■ **Directions**
Everything from the line with "王雅妮,是內蒙古自治區呼和浩" to the end of the data is to be retyped exactly, and nothing else.

Exercise input section start

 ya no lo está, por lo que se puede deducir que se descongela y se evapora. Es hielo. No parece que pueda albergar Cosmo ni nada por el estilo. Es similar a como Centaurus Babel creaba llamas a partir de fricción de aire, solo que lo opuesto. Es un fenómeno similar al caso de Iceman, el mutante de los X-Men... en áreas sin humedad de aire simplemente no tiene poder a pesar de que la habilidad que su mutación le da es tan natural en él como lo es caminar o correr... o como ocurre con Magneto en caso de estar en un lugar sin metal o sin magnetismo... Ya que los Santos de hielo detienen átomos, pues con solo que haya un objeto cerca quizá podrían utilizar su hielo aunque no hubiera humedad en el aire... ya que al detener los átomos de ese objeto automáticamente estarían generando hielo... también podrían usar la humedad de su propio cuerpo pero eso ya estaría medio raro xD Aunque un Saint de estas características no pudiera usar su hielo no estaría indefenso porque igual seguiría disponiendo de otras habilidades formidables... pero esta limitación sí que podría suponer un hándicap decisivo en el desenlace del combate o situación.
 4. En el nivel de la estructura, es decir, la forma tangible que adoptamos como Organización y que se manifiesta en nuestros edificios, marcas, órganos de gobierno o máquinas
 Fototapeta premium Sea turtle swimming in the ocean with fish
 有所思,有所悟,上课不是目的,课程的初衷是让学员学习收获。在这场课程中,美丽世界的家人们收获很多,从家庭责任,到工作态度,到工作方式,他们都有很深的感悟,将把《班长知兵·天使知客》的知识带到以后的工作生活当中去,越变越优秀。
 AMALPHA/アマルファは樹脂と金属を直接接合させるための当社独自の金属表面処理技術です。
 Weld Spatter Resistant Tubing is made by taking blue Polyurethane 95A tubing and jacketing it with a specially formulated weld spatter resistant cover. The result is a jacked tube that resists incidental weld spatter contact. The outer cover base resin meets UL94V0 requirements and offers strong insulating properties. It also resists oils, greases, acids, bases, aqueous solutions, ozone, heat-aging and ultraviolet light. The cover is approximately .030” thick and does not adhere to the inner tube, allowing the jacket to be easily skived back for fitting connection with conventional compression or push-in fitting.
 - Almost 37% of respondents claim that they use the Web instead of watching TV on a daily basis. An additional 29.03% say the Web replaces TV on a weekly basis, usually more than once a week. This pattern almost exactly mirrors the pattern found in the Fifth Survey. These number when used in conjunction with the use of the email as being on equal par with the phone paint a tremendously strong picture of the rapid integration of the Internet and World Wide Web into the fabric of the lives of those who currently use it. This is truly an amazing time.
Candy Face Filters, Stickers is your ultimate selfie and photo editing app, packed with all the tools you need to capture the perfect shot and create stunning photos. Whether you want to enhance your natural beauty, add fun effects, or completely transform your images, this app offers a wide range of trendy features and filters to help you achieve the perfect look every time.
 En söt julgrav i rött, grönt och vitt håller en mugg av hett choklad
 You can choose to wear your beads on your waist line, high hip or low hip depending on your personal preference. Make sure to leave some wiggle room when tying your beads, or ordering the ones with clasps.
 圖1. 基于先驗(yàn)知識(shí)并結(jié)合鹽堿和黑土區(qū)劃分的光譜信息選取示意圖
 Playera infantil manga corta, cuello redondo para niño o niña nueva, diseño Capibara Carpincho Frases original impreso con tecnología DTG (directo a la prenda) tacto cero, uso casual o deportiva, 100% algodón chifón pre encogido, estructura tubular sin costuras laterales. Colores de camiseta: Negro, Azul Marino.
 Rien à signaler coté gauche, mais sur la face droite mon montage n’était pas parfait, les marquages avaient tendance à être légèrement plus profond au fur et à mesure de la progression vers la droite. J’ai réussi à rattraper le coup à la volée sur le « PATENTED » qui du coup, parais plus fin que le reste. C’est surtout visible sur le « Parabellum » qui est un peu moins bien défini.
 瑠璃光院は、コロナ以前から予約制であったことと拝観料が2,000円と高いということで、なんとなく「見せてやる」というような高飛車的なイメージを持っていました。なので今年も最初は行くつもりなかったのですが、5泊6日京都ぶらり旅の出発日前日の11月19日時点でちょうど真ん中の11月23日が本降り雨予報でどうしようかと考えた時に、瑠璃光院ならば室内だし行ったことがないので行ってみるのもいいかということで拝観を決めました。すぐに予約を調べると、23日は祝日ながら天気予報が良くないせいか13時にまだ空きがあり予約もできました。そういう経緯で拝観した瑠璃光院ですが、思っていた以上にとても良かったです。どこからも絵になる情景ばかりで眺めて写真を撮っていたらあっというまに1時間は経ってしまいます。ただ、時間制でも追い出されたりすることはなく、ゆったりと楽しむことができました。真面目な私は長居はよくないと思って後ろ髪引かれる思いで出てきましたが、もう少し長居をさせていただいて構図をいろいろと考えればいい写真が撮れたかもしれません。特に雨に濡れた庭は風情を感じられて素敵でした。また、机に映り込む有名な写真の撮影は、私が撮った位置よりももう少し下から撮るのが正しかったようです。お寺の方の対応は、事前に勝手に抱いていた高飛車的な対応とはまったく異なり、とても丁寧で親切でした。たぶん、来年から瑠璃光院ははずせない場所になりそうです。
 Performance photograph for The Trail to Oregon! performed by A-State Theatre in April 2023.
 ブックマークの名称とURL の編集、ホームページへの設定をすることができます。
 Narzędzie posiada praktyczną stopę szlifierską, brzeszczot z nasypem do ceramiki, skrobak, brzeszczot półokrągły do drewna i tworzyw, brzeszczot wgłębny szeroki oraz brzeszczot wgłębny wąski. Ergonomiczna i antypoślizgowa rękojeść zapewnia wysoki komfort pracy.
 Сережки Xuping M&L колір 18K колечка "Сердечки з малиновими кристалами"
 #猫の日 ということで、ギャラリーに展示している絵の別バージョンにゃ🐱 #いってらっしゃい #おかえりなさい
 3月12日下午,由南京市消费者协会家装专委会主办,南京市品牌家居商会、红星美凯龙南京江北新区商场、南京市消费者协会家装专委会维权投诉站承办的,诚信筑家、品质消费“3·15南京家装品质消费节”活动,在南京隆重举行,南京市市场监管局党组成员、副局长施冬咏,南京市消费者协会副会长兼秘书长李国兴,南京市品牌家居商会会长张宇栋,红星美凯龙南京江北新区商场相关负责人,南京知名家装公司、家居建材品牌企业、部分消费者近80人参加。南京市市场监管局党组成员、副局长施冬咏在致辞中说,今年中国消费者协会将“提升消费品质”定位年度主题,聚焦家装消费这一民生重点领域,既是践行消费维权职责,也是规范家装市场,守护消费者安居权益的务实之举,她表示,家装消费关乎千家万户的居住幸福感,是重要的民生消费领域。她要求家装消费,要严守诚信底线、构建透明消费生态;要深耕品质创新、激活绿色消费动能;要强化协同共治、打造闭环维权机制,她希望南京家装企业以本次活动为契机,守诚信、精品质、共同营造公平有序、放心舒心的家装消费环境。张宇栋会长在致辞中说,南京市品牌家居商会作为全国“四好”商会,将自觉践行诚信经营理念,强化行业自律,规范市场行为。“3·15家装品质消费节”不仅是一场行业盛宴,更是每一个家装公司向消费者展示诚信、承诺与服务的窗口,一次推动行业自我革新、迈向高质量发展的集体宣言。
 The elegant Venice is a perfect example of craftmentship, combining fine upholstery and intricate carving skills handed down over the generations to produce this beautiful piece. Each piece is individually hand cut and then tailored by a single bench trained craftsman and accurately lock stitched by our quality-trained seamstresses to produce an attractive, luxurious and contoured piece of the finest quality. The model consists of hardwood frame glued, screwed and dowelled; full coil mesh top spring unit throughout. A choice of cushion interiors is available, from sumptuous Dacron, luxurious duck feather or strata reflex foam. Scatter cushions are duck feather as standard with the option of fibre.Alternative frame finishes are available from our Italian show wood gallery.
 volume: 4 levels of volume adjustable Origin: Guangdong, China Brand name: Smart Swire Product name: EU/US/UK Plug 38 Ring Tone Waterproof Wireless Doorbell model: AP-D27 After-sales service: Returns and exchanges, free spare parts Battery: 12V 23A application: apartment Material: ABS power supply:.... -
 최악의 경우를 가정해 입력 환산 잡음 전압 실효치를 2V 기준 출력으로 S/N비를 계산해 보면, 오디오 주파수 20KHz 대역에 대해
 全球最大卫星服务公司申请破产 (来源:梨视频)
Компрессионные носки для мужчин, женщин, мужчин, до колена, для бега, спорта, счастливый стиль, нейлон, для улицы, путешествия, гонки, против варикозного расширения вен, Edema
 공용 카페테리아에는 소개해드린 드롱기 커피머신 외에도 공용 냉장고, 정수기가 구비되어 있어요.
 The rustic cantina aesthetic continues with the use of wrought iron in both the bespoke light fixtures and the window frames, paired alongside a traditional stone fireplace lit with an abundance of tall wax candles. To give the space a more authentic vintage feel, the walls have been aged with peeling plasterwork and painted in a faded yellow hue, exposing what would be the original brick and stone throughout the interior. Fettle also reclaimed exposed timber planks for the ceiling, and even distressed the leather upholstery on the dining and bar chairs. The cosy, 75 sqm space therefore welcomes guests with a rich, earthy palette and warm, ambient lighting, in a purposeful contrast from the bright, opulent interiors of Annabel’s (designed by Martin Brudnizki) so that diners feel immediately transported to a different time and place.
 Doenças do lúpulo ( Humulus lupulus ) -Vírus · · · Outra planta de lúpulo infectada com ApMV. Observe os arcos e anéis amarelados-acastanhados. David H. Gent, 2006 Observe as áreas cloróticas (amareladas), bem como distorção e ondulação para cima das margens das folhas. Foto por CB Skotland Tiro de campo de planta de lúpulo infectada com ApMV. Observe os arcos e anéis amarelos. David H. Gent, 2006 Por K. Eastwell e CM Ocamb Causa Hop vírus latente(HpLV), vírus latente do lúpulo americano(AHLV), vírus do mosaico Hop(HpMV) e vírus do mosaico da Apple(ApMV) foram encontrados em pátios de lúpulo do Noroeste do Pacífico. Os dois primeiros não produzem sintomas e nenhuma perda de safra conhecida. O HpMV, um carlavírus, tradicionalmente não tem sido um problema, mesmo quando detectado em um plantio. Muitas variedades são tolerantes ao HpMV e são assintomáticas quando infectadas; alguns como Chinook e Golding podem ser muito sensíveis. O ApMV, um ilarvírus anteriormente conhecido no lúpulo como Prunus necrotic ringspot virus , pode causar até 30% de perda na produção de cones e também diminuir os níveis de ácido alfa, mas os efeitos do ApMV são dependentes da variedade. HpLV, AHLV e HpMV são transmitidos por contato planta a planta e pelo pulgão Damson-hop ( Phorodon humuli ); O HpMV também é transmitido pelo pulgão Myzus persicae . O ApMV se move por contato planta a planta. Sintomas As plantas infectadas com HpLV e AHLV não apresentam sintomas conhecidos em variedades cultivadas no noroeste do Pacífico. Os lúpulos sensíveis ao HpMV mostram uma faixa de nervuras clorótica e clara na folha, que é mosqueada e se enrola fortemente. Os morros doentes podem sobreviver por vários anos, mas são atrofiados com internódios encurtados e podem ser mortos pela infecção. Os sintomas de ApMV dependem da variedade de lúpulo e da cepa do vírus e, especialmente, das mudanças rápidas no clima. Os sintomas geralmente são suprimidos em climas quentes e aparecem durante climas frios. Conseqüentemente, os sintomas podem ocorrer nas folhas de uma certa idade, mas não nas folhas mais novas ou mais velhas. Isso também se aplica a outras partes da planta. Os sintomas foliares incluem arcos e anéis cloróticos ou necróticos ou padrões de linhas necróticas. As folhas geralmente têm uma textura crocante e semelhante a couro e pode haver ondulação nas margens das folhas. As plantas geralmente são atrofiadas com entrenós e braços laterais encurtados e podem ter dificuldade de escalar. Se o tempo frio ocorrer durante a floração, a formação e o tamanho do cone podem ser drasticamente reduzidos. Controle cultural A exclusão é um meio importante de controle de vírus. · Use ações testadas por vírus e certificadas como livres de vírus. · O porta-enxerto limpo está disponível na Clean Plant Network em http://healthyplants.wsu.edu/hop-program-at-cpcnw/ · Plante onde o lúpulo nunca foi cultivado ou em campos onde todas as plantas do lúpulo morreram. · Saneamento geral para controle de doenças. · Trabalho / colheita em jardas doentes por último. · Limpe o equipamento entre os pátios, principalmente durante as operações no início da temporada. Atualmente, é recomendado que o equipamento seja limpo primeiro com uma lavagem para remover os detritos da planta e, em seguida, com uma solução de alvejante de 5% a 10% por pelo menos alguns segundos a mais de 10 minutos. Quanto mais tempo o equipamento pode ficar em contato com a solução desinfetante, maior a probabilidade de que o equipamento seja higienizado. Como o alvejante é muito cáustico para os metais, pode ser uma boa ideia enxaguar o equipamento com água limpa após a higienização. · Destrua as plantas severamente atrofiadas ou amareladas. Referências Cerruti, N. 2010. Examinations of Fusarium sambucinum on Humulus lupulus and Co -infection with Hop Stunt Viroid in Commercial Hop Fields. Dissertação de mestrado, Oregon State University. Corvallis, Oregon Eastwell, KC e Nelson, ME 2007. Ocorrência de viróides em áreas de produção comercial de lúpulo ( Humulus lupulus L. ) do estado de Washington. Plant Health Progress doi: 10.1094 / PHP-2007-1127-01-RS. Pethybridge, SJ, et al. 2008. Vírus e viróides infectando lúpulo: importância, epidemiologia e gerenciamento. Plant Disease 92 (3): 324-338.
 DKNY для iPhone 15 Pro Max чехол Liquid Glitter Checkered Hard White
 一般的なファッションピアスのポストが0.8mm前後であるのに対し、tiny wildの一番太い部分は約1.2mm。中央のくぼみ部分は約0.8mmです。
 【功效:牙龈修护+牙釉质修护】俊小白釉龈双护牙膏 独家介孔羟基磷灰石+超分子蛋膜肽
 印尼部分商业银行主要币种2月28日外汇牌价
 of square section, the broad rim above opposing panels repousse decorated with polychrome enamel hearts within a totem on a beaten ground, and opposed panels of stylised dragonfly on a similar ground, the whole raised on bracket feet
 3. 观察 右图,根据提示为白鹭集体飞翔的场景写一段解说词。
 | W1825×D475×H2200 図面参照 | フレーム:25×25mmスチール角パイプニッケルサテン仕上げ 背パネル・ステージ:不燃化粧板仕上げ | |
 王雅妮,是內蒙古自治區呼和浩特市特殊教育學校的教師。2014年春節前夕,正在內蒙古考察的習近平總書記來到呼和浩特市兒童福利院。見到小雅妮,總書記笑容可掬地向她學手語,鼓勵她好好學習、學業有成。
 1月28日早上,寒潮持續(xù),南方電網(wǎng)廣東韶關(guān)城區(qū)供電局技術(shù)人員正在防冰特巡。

Exercise input section end

■ **Exercise answer**
 王雅妮,是內蒙古自治區呼和浩特市特殊教育學校的教師。2014年春節前夕,正在內蒙古考察的習近平總書記來到呼和浩特市兒童福利院。見到小雅妮,總書記笑容可掬地向她學手語,鼓勵她好好學習、學業有成。
 1月28日早上,寒潮持續(xù),南方電網(wǎng)廣東韶關(guān)城區(qū)供電局技術(shù)人員正在防冰特巡。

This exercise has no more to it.